— The problem —
Without copying any picture, transcribe exactly the lines of the data below from the one containing "A plunging micro-underwire" through the one containing "- 4 зоны: 2".

— Material for this exercise —
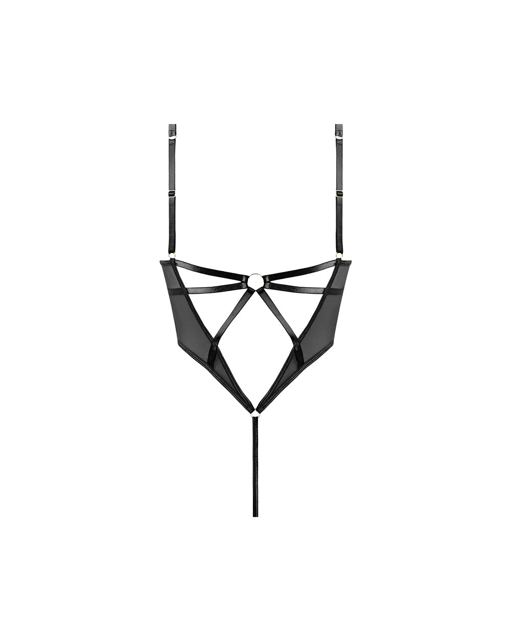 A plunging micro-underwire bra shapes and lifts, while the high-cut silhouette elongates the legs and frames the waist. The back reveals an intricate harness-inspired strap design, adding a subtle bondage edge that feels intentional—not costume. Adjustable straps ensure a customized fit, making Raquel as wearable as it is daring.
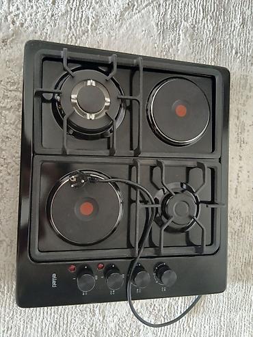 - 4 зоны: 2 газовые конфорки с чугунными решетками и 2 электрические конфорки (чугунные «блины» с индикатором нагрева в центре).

...

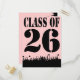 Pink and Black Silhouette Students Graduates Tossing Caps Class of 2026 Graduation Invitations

--

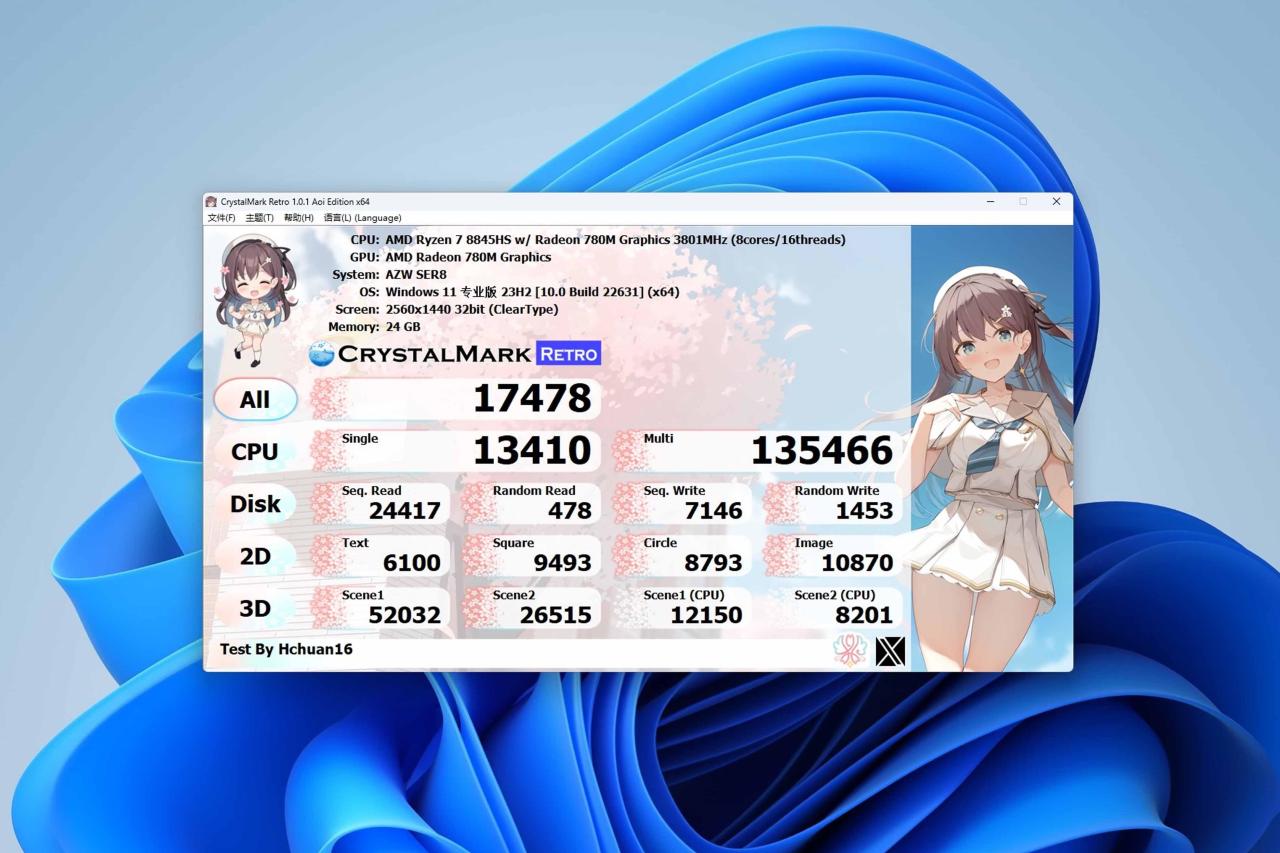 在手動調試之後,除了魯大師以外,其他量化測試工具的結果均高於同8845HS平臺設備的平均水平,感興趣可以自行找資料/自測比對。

— Your solution —
 A plunging micro-underwire bra shapes and lifts, while the high-cut silhouette elongates the legs and frames the waist. The back reveals an intricate harness-inspired strap design, adding a subtle bondage edge that feels intentional—not costume. Adjustable straps ensure a customized fit, making Raquel as wearable as it is daring.
 - 4 зоны: 2 газовые конфорки с чугунными решетками и 2 электрические конфорки (чугунные «блины» с индикатором нагрева в центре).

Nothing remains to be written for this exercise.